YOUR ASSIGNMENT:
When you copy the listing, skip the images and return each line verbatim.
[SUPPLIED INFORMATION — start]
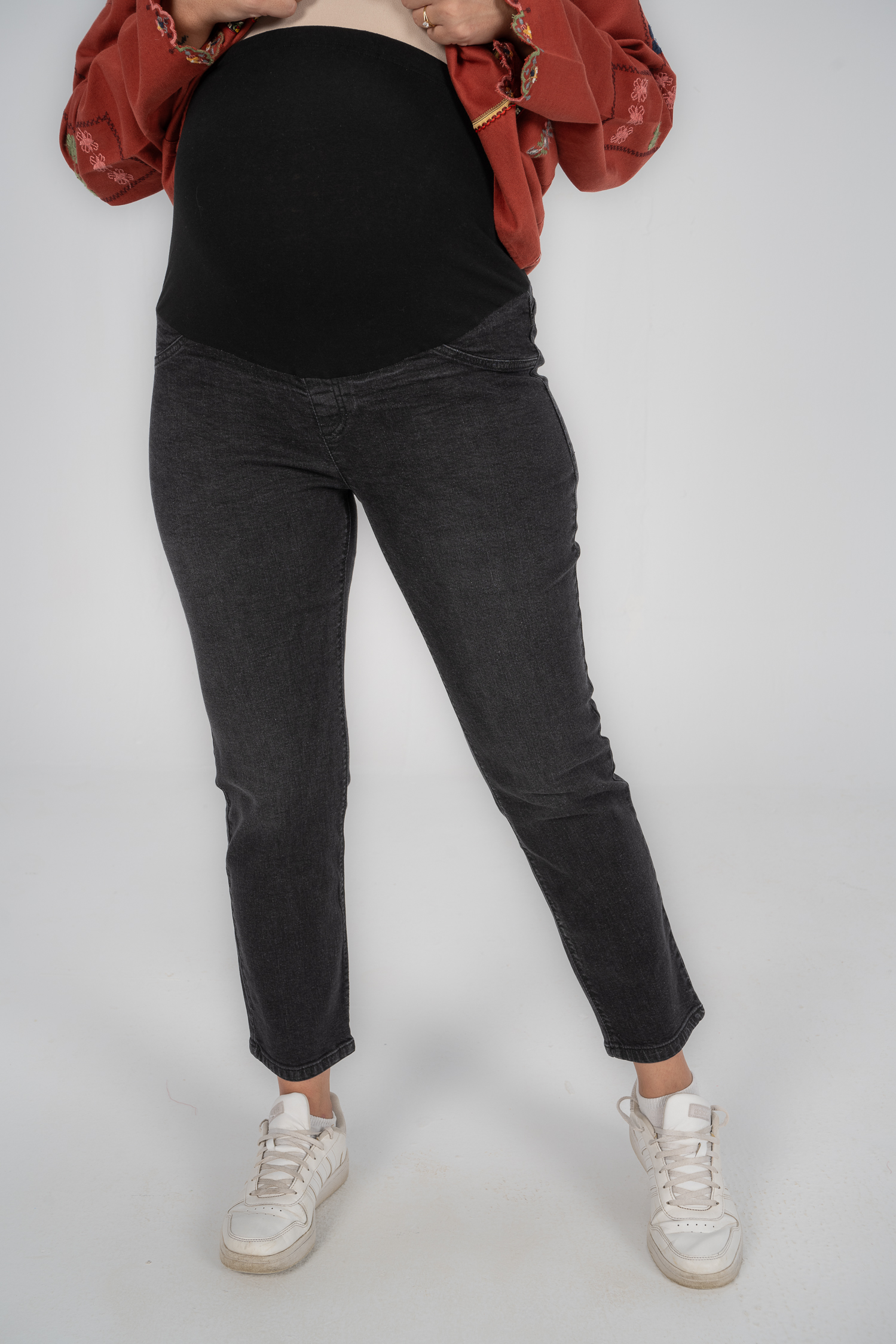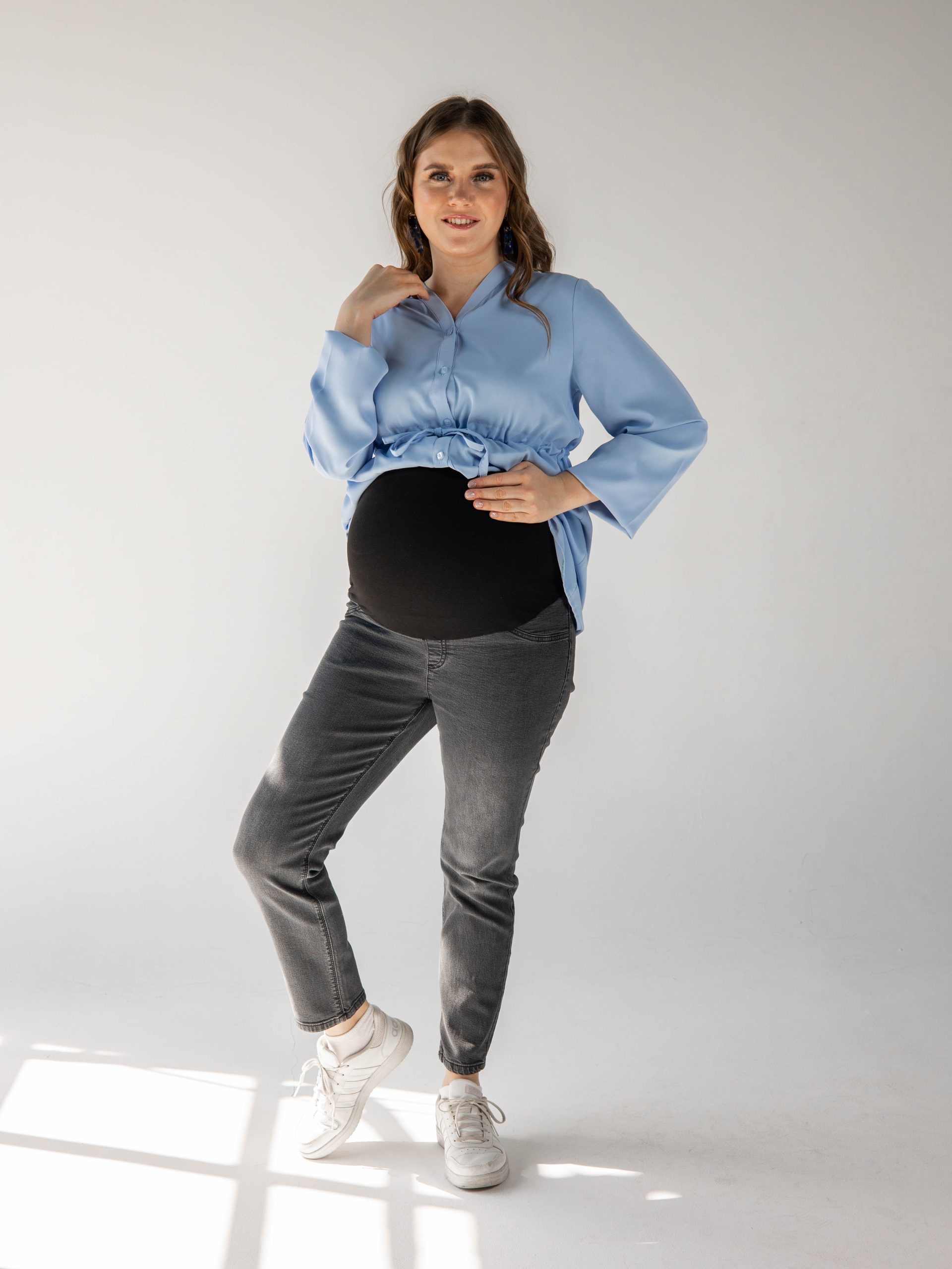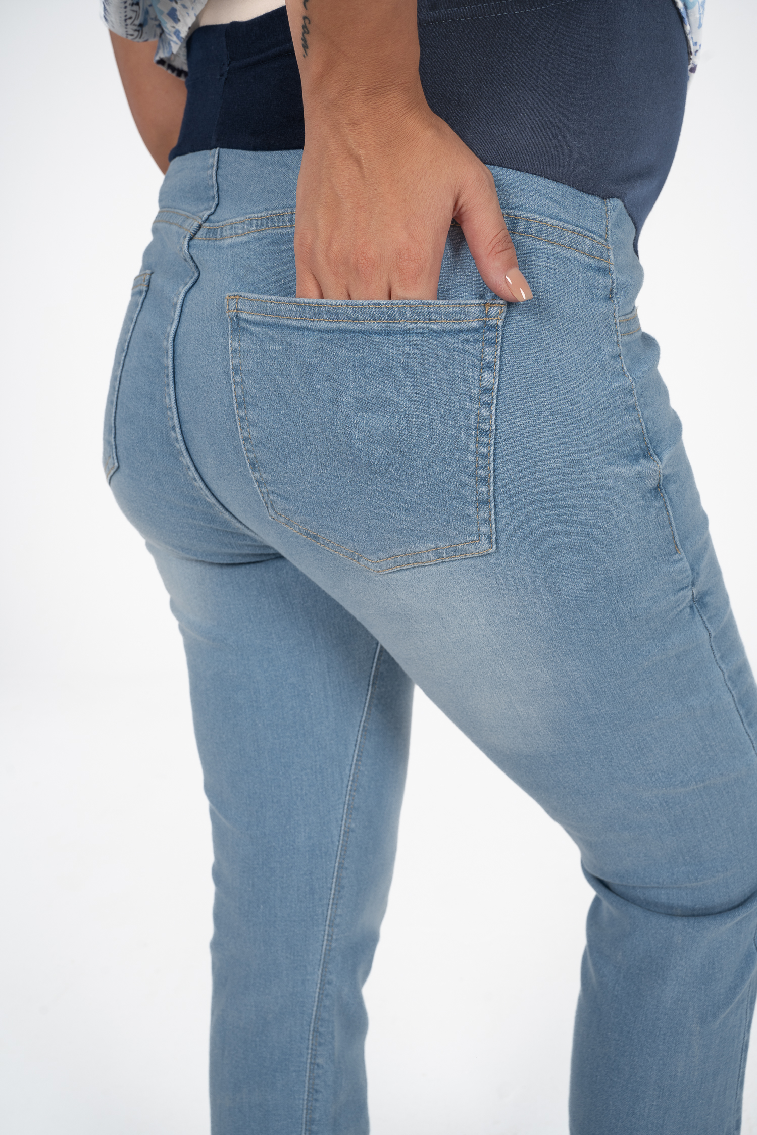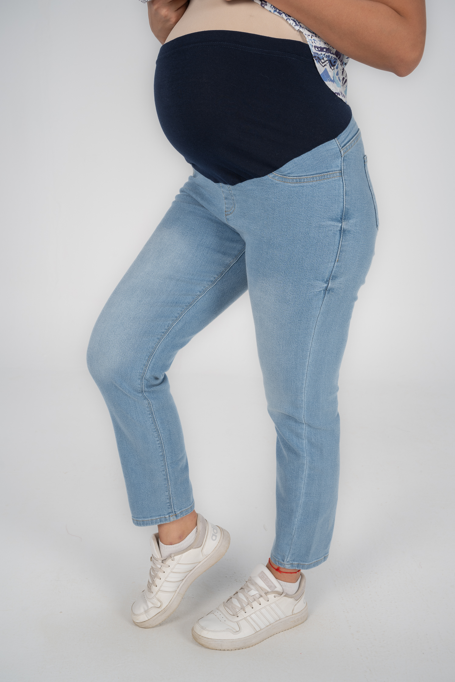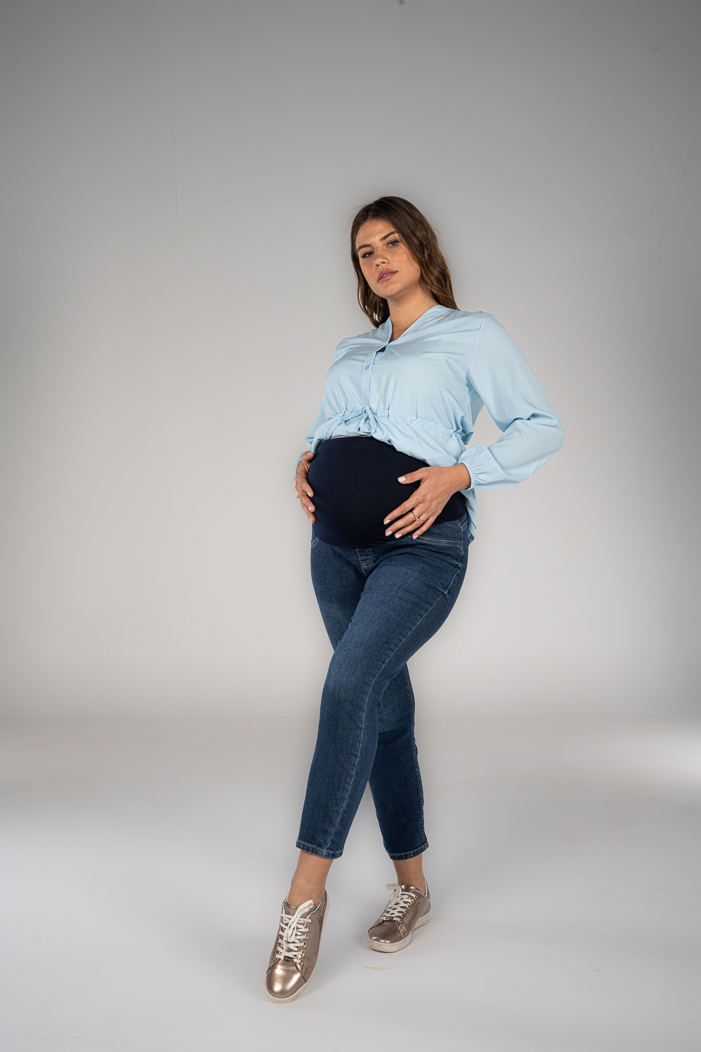 Denim jeans with fake pockets and adjustable waist to grow with your tummy. Available in 2 colors.
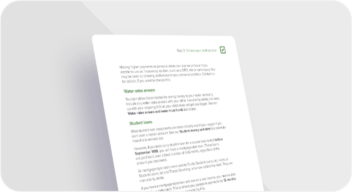 Step 3 Choose your debt solution 3 Making higher payments to personal debts can also be an issue if you decide to use an insolvency solution, such as a DRO, IVA or bankruptcy. You may be seen as showing preference to your personal creditors. Contact us for advice, if you want to discuss this. Water rates arrears You cannot be disconnected for owing money to your water company. Include any water rates arrears with your other non-priority debts, but keep up with your ongoing bills so your debt does not get any bigger. See our Water rates arrears and water trust funds fact sheet. Student loans Most student loan repayments are taken directly out of your wages if you earn over a certain amount. See our Student money and debt fact sheet for how this is worked out. However, if you took out a student loan for a course that started before September 1998, you will have a mortgage-style loan. These loans are paid back over a fixed number of instalments, regardless of the amount you borrowed. All mortgage-style loans were sold to Erudio Student Loans Ltd, Honours Student Loans Ltd and Thesis Servicing, who now collect the debt. They are non-priority debts. If you have a mortgage-style loan and are on a low income, you may be able to ask for a deferment. This is where you postpone payments for 12 months. Contact us for advice, if you are considering this. Mortgage shortfalls You may still owe money if your home was repossessed or you handed back the keys to your mortgage lender. This is called a mortgage shortfall. They can be quite large debts, but they are still a non-priority. Your lender has longer than most non-priority creditors to take court action for any mortgage capital that you owe. However, there are guidelines that your lender should also follow. See our Mortgage shortfalls fact sheet. What is mortgage capital? Mortgage capital is the money that you originally borrowed. It does not include the interest you were charged to borrow the money. Page 97
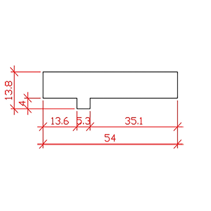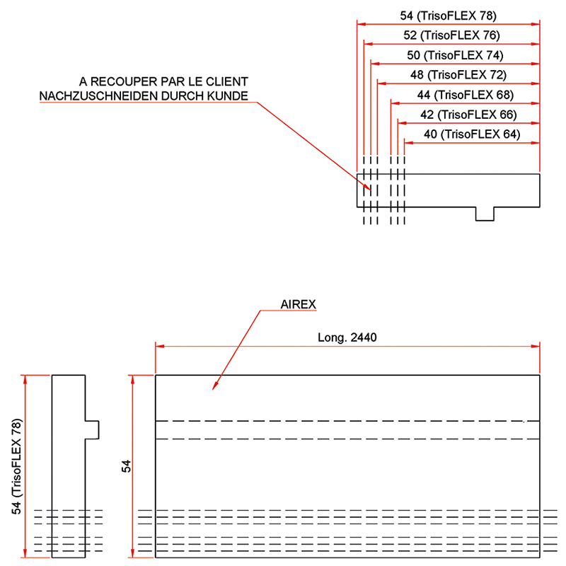 Profilleiste sauber gehobelt in Airex, roh, lichtgeschützte und unverrotbare HST Unterkonstruktion, Standardbreite von 54 mm ist ausgelegt auf TrisoFLEX 78, Profil ist für alle Schwellen einsetzbar und muss je nach Breite der Schwelle längs zurück geschnitten werden
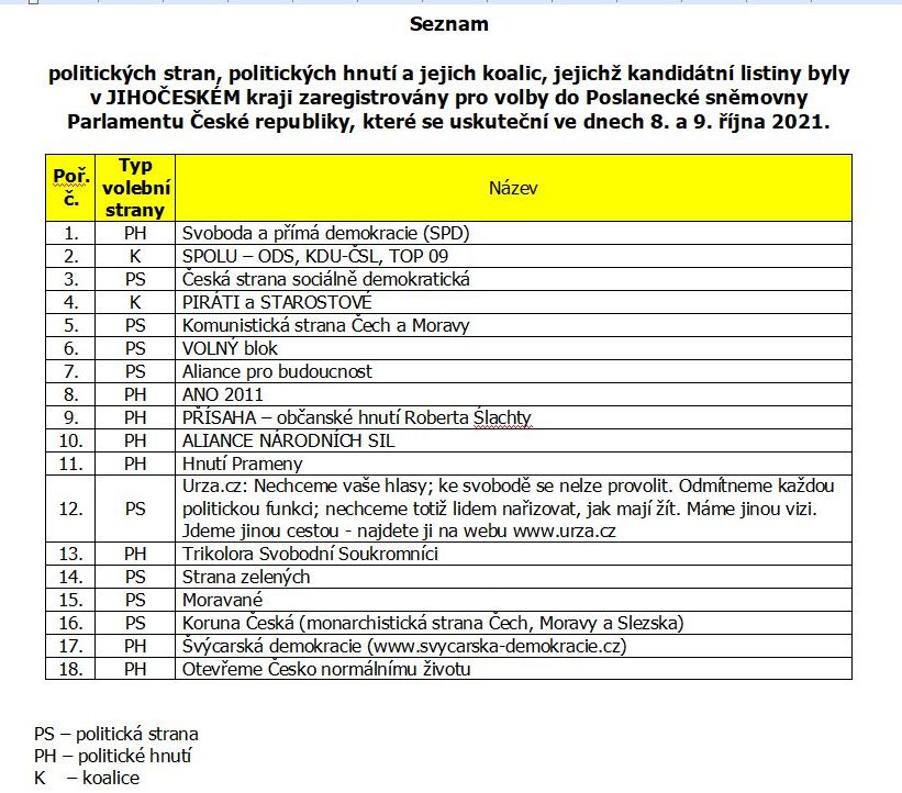 VOLBY 2021: Zaregistrované strany v Jihočeském kraji
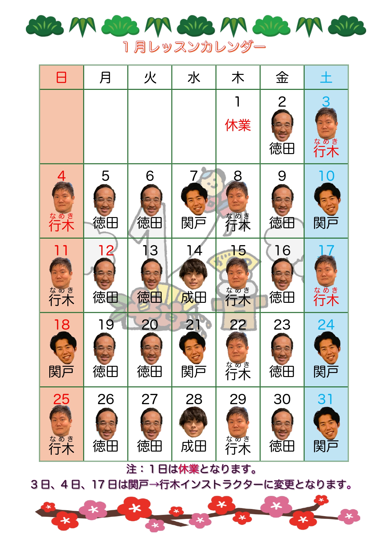 徳重店 1月レッスンカレンダー🎍
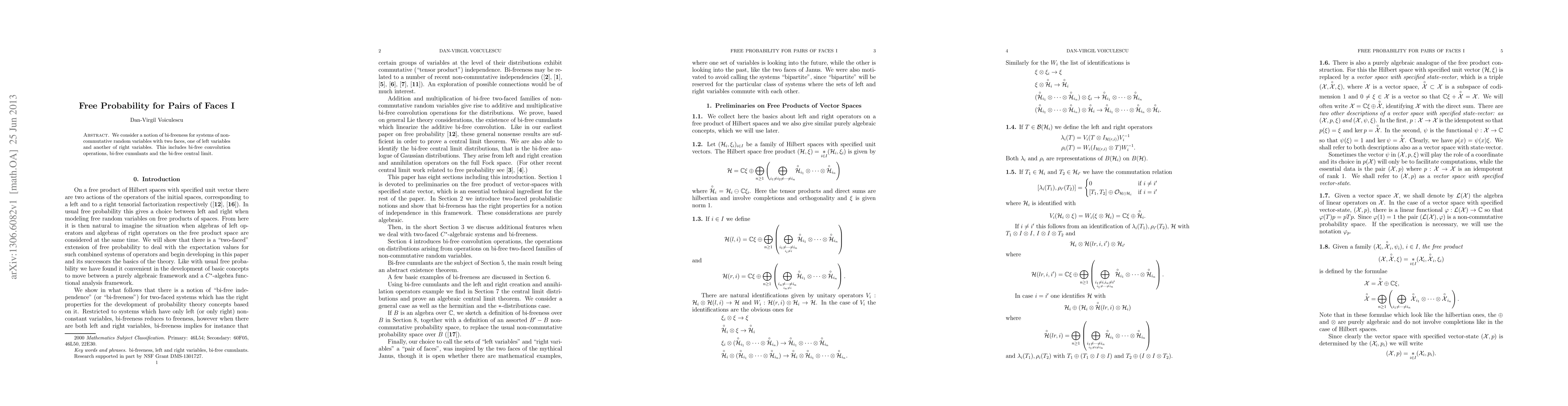 This paper introduces bi-free probability for systems with two distinct sets of non-commutative random variables, exploring bi-free convolution operations, bi-free cumulants, and the bi-free central limit theorem. The concept extends classical free probability to handle pairs of faces.
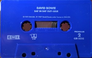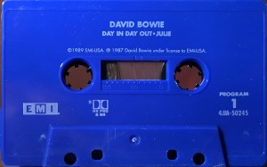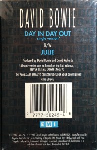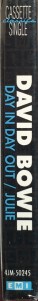 Card slip-case with picture front and black side and rear panels. Track list on front and rear panels. ‘© 1989’ and ‘℗ 1984′ on rear with ‘Manufactured by Capitol Records’. The timings for the tracks are: Day In Day Out; 3:06 and, Julie: 3:32.
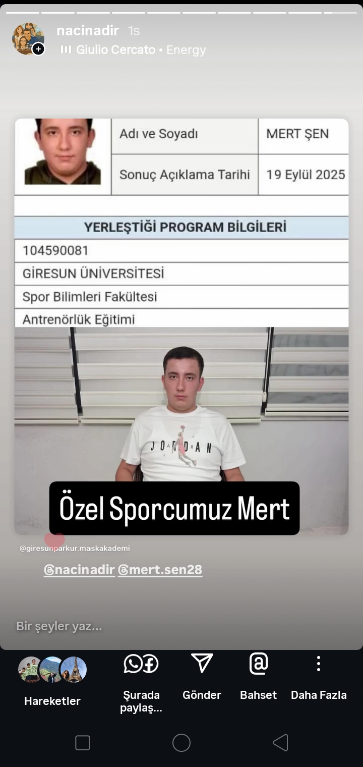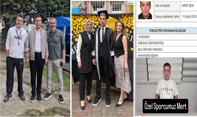 Otizm tanılı öğrenci Mert Şen, Yükseköğretim Kurumları Sınavı (YKS) ve ardından girdiği Özel Yetenek Sınavı (ÖZYES) sürecinde gösterdiği üstün performansla Giresun Üniversitesi Spor Bilimleri Fakültesi Antrenörlük Eğitimi Bölümü’ne yerleşmeye hak kazandı.
[SUPPLIED INFORMATION — finish]
WRITTEN ANSWER:
 Denim jeans with fake pockets and adjustable waist to grow with your tummy. Available in 2 colors.
 Step 3 Choose your debt solution 3 Making higher payments to personal debts can also be an issue if you decide to use an insolvency solution, such as a DRO, IVA or bankruptcy. You may be seen as showing preference to your personal creditors. Contact us for advice, if you want to discuss this. Water rates arrears You cannot be disconnected for owing money to your water company. Include any water rates arrears with your other non-priority debts, but keep up with your ongoing bills so your debt does not get any bigger. See our Water rates arrears and water trust funds fact sheet. Student loans Most student loan repayments are taken directly out of your wages if you earn over a certain amount. See our Student money and debt fact sheet for how this is worked out. However, if you took out a student loan for a course that started before September 1998, you will have a mortgage-style loan. These loans are paid back over a fixed number of instalments, regardless of the amount you borrowed. All mortgage-style loans were sold to Erudio Student Loans Ltd, Honours Student Loans Ltd and Thesis Servicing, who now collect the debt. They are non-priority debts. If you have a mortgage-style loan and are on a low income, you may be able to ask for a deferment. This is where you postpone payments for 12 months. Contact us for advice, if you are considering this. Mortgage shortfalls You may still owe money if your home was repossessed or you handed back the keys to your mortgage lender. This is called a mortgage shortfall. They can be quite large debts, but they are still a non-priority. Your lender has longer than most non-priority creditors to take court action for any mortgage capital that you owe. However, there are guidelines that your lender should also follow. See our Mortgage shortfalls fact sheet. What is mortgage capital? Mortgage capital is the money that you originally borrowed. It does not include the interest you were charged to borrow the money. Page 97
 Profilleiste sauber gehobelt in Airex, roh, lichtgeschützte und unverrotbare HST Unterkonstruktion, Standardbreite von 54 mm ist ausgelegt auf TrisoFLEX 78, Profil ist für alle Schwellen einsetzbar und muss je nach Breite der Schwelle längs zurück geschnitten werden
 VOLBY 2021: Zaregistrované strany v Jihočeském kraji
 徳重店 1月レッスンカレンダー🎍
 This paper introduces bi-free probability for systems with two distinct sets of non-commutative random variables, exploring bi-free convolution operations, bi-free cumulants, and the bi-free central limit theorem. The concept extends classical free probability to handle pairs of faces.
 Card slip-case with picture front and black side and rear panels. Track list on front and rear panels. ‘© 1989’ and ‘℗ 1984′ on rear with ‘Manufactured by Capitol Records’. The timings for the tracks are: Day In Day Out; 3:06 and, Julie: 3:32.
 Otizm tanılı öğrenci Mert Şen, Yükseköğretim Kurumları Sınavı (YKS) ve ardından girdiği Özel Yetenek Sınavı (ÖZYES) sürecinde gösterdiği üstün performansla Giresun Üniversitesi Spor Bilimleri Fakültesi Antrenörlük Eğitimi Bölümü’ne yerleşmeye hak kazandı.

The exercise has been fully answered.